Anyone who has worked a public-facing position knows it can get dicey at times. From mass shooting threats to individuals threatening us with hammers (among other things). I have personally been threatened after turning down advancements and even followed on a couple of occasions—it can get wild. The job is also very physically taxing. Long hours of standing wearing shoes not designed for our comfort (and cheaply made at that) has left not only myself but other SAs I know with long-term physical issues like knee and foot problems.

We hate following you around the boutique too, it’s not personal.

We get in serious trouble when theft occurs, even if it’s not directly our fault. Many brands have a strike system for thefts that happen under an SA’s watch, but that’s only for inexpensive items, if it’s a pricier item, we face a bigger punishment. We could very well lose our livelihood if something were stolen, and most of us live paycheck to paycheck. I highly encourage any shopper to talk to their SA while shopping because we are people, and it’s really awkward and uncomfortable for us too.

The pay isn’t all that great.

Yes, we may be selling thousand-dollar bags, but some SAs don’t even make $20 an hour, and some of the “nicer” boutiques don’t pay over $30 an hour. Department stores are notoriously the worst for paying the least and for mistreating their SAs. Most of the time, they won’t let us clock in when we are there and working 10 min early because they don’t want us working enough hours to be full time. They will threaten us with being fired if we clock in early or late. It puts us in a bad position because we want to get things done and be available for our clients. When you text us, and we aren’t working, we aren’t getting paid for that time, so we do what needs to be done regardless of being compensated. We were constantly threatened with termination if we clocked in even two minutes early. Some of us get paid commission, but it’s unreliable and not always as much as you think because of different commission structures.
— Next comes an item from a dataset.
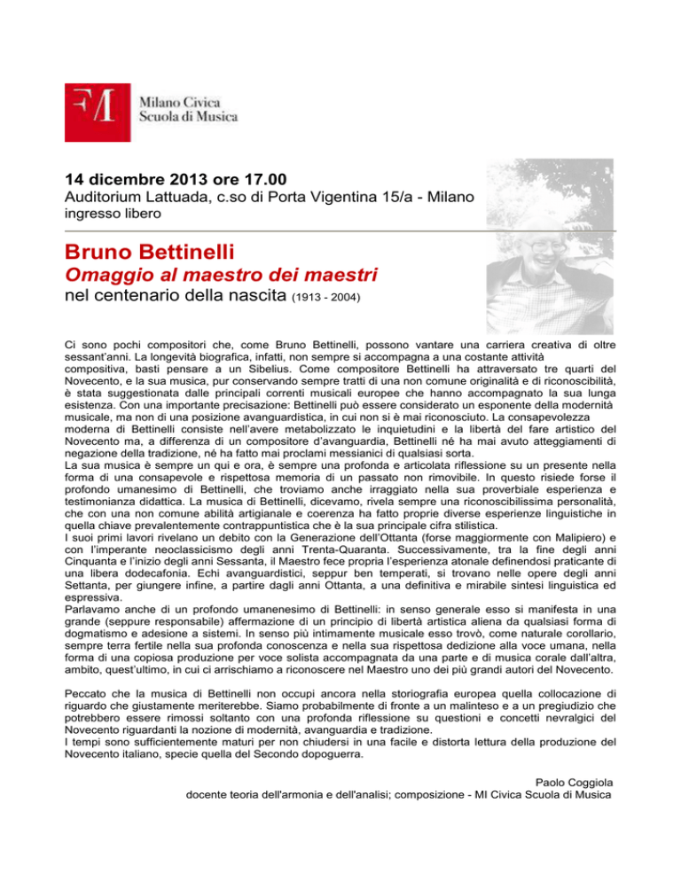 14 dicembre 2013 ore 17.00 Auditorium Lattuada, c.so di Porta Vigentina 15/a - Milano ingresso libero Bruno Bettinelli Omaggio al maestro dei maestri nel centenario della nascita (1913 - 2004) Ci sono pochi compositori che, come Bruno Bettinelli, possono vantare una carriera creativa di oltre sessant’anni. La longevità biografica, infatti, non sempre si accompagna a una costante attività compositiva, basti pensare a un Sibelius. Come compositore Bettinelli ha attraversato tre quarti del Novecento, e la sua musica, pur conservando sempre tratti di una non comune originalità e di riconoscibilità, è stata suggestionata dalle principali correnti musicali europee che hanno accompagnato la sua lunga esistenza. Con una importante precisazione: Bettinelli può essere considerato un esponente della modernità musicale, ma non di una posizione avanguardistica, in cui non si è mai riconosciuto. La consapevolezza moderna di Bettinelli consiste nell’avere metabolizzato le inquietudini e la libertà del fare artistico del Novecento ma, a differenza di un compositore d’avanguardia, Bettinelli né ha mai avuto atteggiamenti di negazione della tradizione, né ha fatto mai proclami messianici di qualsiasi sorta. La sua musica è sempre un qui e ora, è sempre una profonda e articolata riflessione su un presente nella forma di una consapevole e rispettosa memoria di un passato non rimovibile. In questo risiede forse il profondo umanesimo di Bettinelli, che troviamo anche irraggiato nella sua proverbiale esperienza e testimonianza didattica. La musica di Bettinelli, dicevamo, rivela sempre una riconoscibilissima personalità, che con una non comune abilità artigianale e coerenza ha fatto proprie diverse esperienze linguistiche in quella chiave prevalentemente contrappuntistica che è la sua principale cifra stilistica. I suoi primi lavori rivelano un debito con la Generazione dell’Ottanta (forse maggiormente con Malipiero) e con l’imperante neoclassicismo degli anni Trenta-Quaranta. Successivamente, tra la fine degli anni Cinquanta e l’inizio degli anni Sessanta, il Maestro fece propria l’esperienza atonale definendosi praticante di una libera dodecafonia. Echi avanguardistici, seppur ben temperati, si trovano nelle opere degli anni Settanta, per giungere infine, a partire dagli anni Ottanta, a una definitiva e mirabile sintesi linguistica ed espressiva. Parlavamo anche di un profondo umanenesimo di Bettinelli: in senso generale esso si manifesta in una grande (seppure responsabile) affermazione di un principio di libertà artistica aliena da qualsiasi forma di dogmatismo e adesione a sistemi. In senso più intimamente musicale esso trovò, come naturale corollario, sempre terra fertile nella sua profonda conoscenza e nella sua rispettosa dedizione alla voce umana, nella forma di una copiosa produzione per voce solista accompagnata da una parte e di musica corale dall’altra, ambito, quest’ultimo, in cui ci arrischiamo a riconoscere nel Maestro uno dei più grandi autori del Novecento. Peccato che la musica di Bettinelli non occupi ancora nella storiografia europea quella collocazione di riguardo che giustamente meriterebbe. Siamo probabilmente di fronte a un malinteso e a un pregiudizio che potrebbero essere rimossi soltanto con una profonda riflessione su questioni e concetti nevralgici del Novecento riguardanti la nozione di modernità, avanguardia e tradizione. I tempi sono sufficientemente maturi per non chiudersi in una facile e distorta lettura della produzione del Novecento italiano, specie quella del Secondo dopoguerra. Paolo Coggiola docente teoria dell'armonia e dell'analisi; composizione - MI Civica Scuola di Musica Programma Due liriche lunari per voce e pianoforte (1949) Finita è la notte - Era dolce la luna di settembre Elisa Pittau, voce; Silvia Magagni, pianoforte Mutazioni su tre temi noti, per chitarra (1994) Alessandro Guerra, chitarra Studio da concerto, per clarinetto (1971) Stefano Merighi, clarinetto Divertimento a due, per due chitarre (1982) Eni Lulja, chitarra; Griselda Gatti chitarra Dialogo, per flauto e pianoforte (1983) Giulia Giovannelli, flauto; Stefano Maffioletti, pianoforte Sonatina, per pianoforte (1939) allegretto con semplicità - nenia - burletta Pietro Calabretta, pianoforte Aforismi, per due flauti e pianoforte (1989) Dario Cottica, flauto; Lorenzo Cavanna, flauto; Stefano Cerenini, pianoforte La terra, per voce, clarinetto e pianoforte (1968) Elisa Pittau, voce; Lorenzo Baldasso, clarinetto; Silvia Magagni, pianoforte Partecipano le classi di musica da camera di Silva Costanzo canto lirico di Roberto Coviello pianoforte di Maria Teresa Levati clarinetto di Maurizio Longoni chitarra di Agostina Mari chitarra di Guido Muneratto flauto di Emilio Vapi Si ringrazia la prof.ssa Silvia Bianchera Bettinelli per la gentile collaborazione Al termine del concerto l’Associazione Culturale MALALA (BG) offrirà un piccolo rinfresco espressamente dedicato al ricordo di Bruno Bettinelli Informazioni: Milano Civica Scuola di Musica - Fondazione Milano® Villa Simonetta - via Stilicone 36 - 20154 - Milano - Tel. 02.97.15.24 - uff. st. 339.85.30.339 info_musica@scmmi.it - www.fondazionemilano.eu/musica

We aren’t hiding things from you.

Trust us, we want to sell you things, that is our job. We have every incentive to sell you something. Most of us even make money when we sell you something. If we don’t meet our quarterly numbers, we’re often threatened with termination, so if we say it’s out of stock, we more often than not mean it. Very rarely are we allowed to “hold” things from stock, and when we say we will, that means we’re probably hiding it somewhere no one else will find it with the hopes you’ll come through. Maybe if you’re close to the other SAs you work with, they will try for you, but a sale is a sale, and we’re under a lot of pressure to deliver.

Looks are everything, and the pressure is real.

The company regulates everything about our appearance, and I mean everything from the color on our lips and nails to how we do our eye makeup and even the piercings we are allowed to have. There was a lot of pressure to not gain weight too, as we would not be given new uniforms if the old ones didn’t fit anymore (and we were only given two to three a year).

Lets talk about Commission.

Some ultra-luxury boutiques have a pooled commission system that is excellent because it motivates the shop to work together. Most boutiques work on “base plus,” which means you make your hourly plus commission (usually between 2%- 8%). Those are good gigs, but most SAs, especially those at department stores, work on “draw.” Draw associates have to sell their hourly wage before making a commission, meaning their paychecks are more of a cash advance from the store. When they are unable to make their hourly wage or get returns, they go into deficit. You’re not making any commission if you don’t sell your hourly wage plus your return deficit. The worst part about it? The hourly pay for these positions is usually painfully low, but it has to be that way, or else you could never sell more than your hourly wage. Making minimum wage and earning no commission because you’re in deficit can feel stressful and hopeless, especially because it is often not in our control. This is why returns can be so devastating.

Our discounts aren’t actually that good.

Well, this really varies brand by brand, but most SAs I’ve known have felt this way. Some of us aren’t even allowed to shop discounted or sale merchandise with our employee discount, and if we are, it’s usually just what’s left over after the sale has ended. To make matters worse, many of the damaged or returned items get destroyed rather than sold to us at a discount. I’ve personally taken blades to bags, and it is incredibly heartbreaking. Another SA once told me, “truth is brands don’t want us wearing their products because we aren’t the elite, so they would rather them be destroyed than on our shoulders.” Bleak right? There is some good news, though, not all brands are like this, and some SAs are offered pretty decent discounts; it really just depends where you’re working.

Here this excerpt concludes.